Wow, you must have had a seriously emergent c/s to have a one foot incision on your stomach because I know that mine is just a few inches long and is well hidden beneath my pubic hair.

Regardless, there is no way to know if recovery will be easier for a serious perineum tear than it would be for a c/s.


----------



## APToddlerMama (Oct 5, 2009)

Quote:


> Originally Posted by *naturalbirthoff*
> 
> A short perineum does not automatically equal tearing. Even if you did tear it would be a quicker recovery and less long-term effects than an elective c-section.
> 
> ...


I'm sorry but this is ridiculous. So those of us who have torn have done something wrong since your size zero friend gave birth to a huge baby with no tears? I had a posterior baby which was a huge reason I tore. And the vacuum which was necessary because after 2.5 hours baby's heart rate was decelerating.
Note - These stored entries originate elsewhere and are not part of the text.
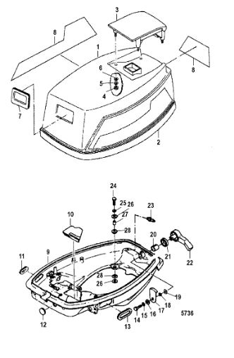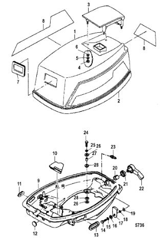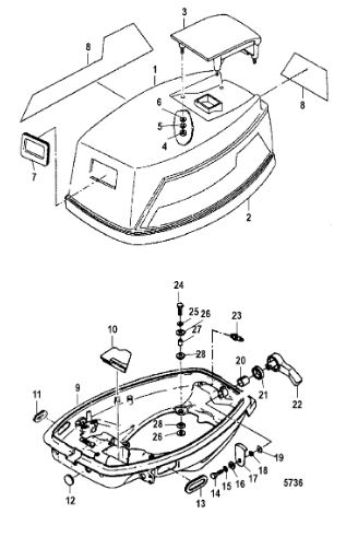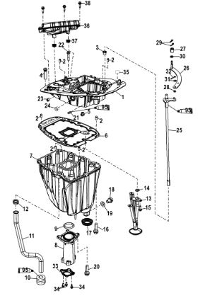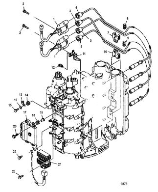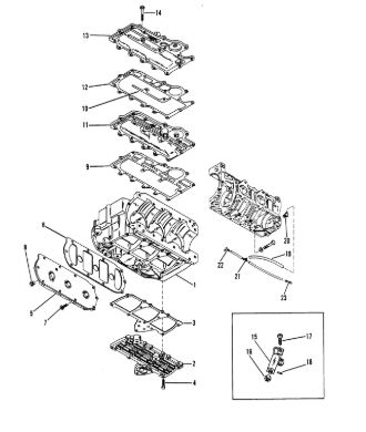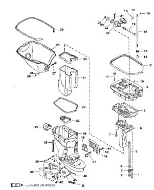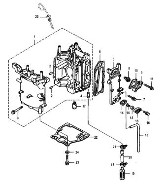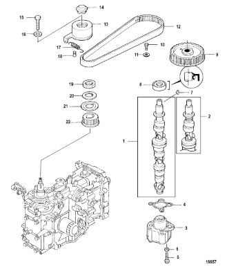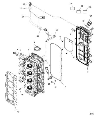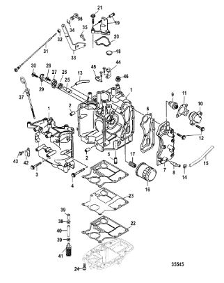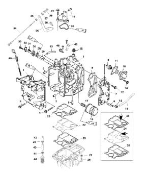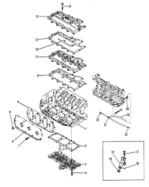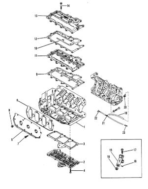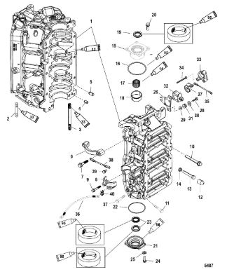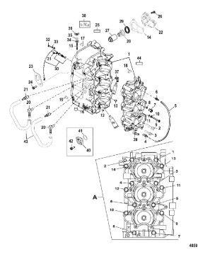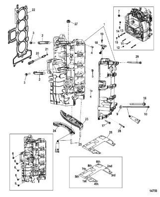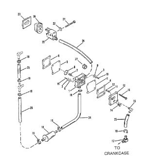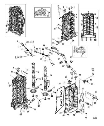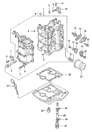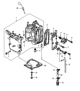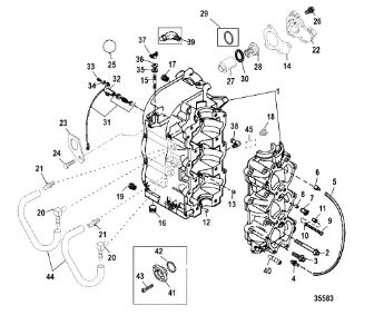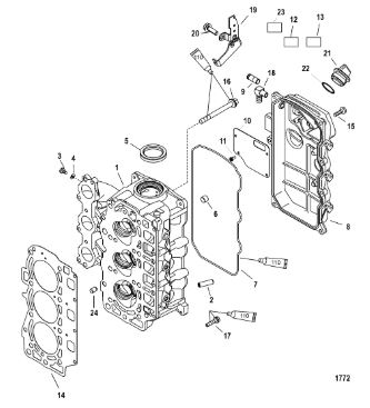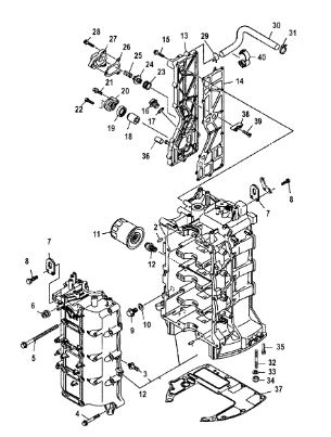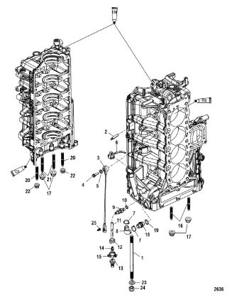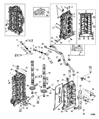 Блок цилиндров и картер (Часть 2) 2-Х ТАКТНОГО ПЛМ MERCURY 50EO Серийный номер от 9885345 до 9973099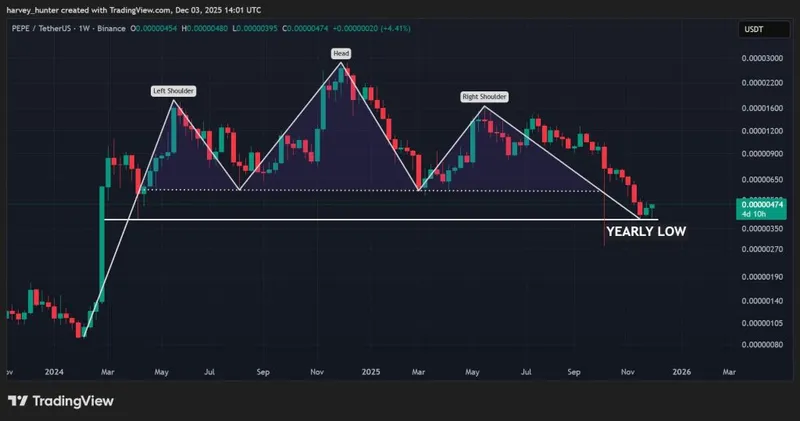 PEPE似乎已经脱离了典型的看跌模式,近期的年度低点为看涨的PEPE价格预测提供了良好的支撑。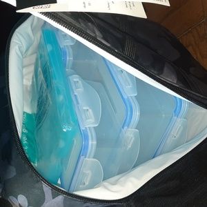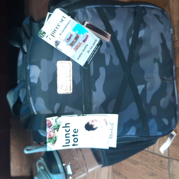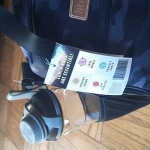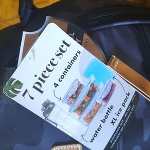 NWT Lunch Backpack. Includes water bottle, Tupperware containers and ice pack. Has zippered front and zips securely to close.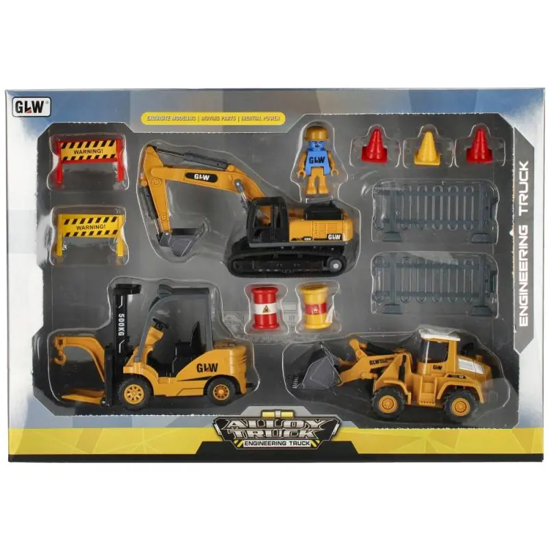 W zestawie znajdują się trzy maszyny budowlane – dwie koparki oraz wózek widłowy z funkcją dźwigu. Pojazdy wykonane są w większości z metalu, dzięki czemu są trwałe i odporne na intensywną zabawę.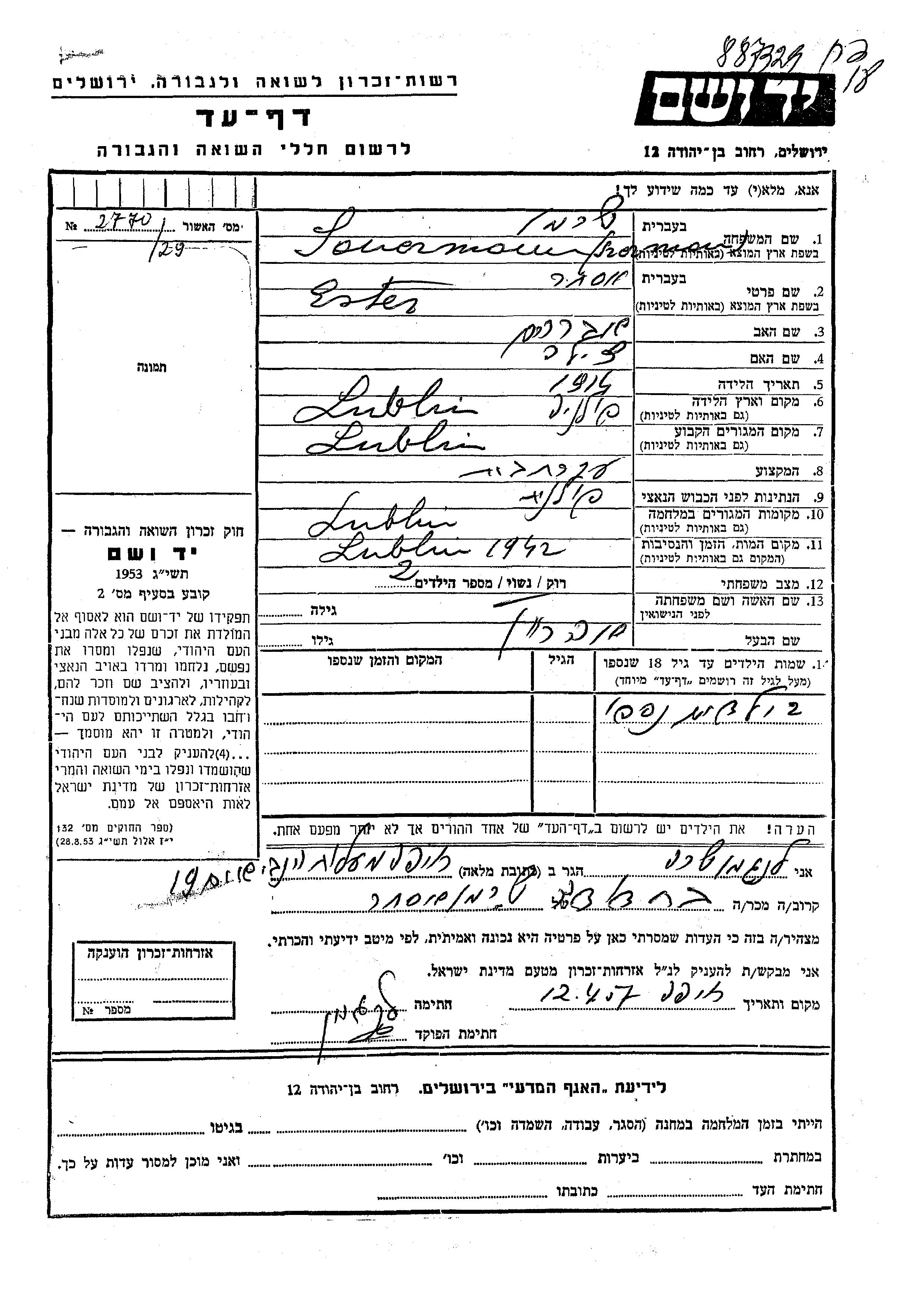 Ester wurde in der Schoah ermordet. Todesort: Lublin, Polen im Jahr 1942.

Yes there are things to do to minimize risk of tearing, but you can do all those things and still tear or end up in a situation where you are choosing between greater risk of tearing and your baby's safety.

And it is definitely not true that all tear recoveries are easier than c recoveries.


----------



## Mom2M (Sep 23, 2006)

Quote:


> Originally Posted by *APToddlerMama*
> 
> I'm sorry but this is ridiculous. So those of us who have torn have done something wrong since your size zero friend gave birth to a huge baby with no tears? I had a posterior baby which was a huge reason I tore. And the vacuum which was necessary because after 2.5 hours baby's heart rate was decelerating. Yes there are things to do to minimize risk of tearing, but you can do all those things and still tear or end up in a situation where you are choosing between greater risk of tearing and your baby's safety.
> 
> And it is definitely not true that all tear recoveries are easier than c recoveries.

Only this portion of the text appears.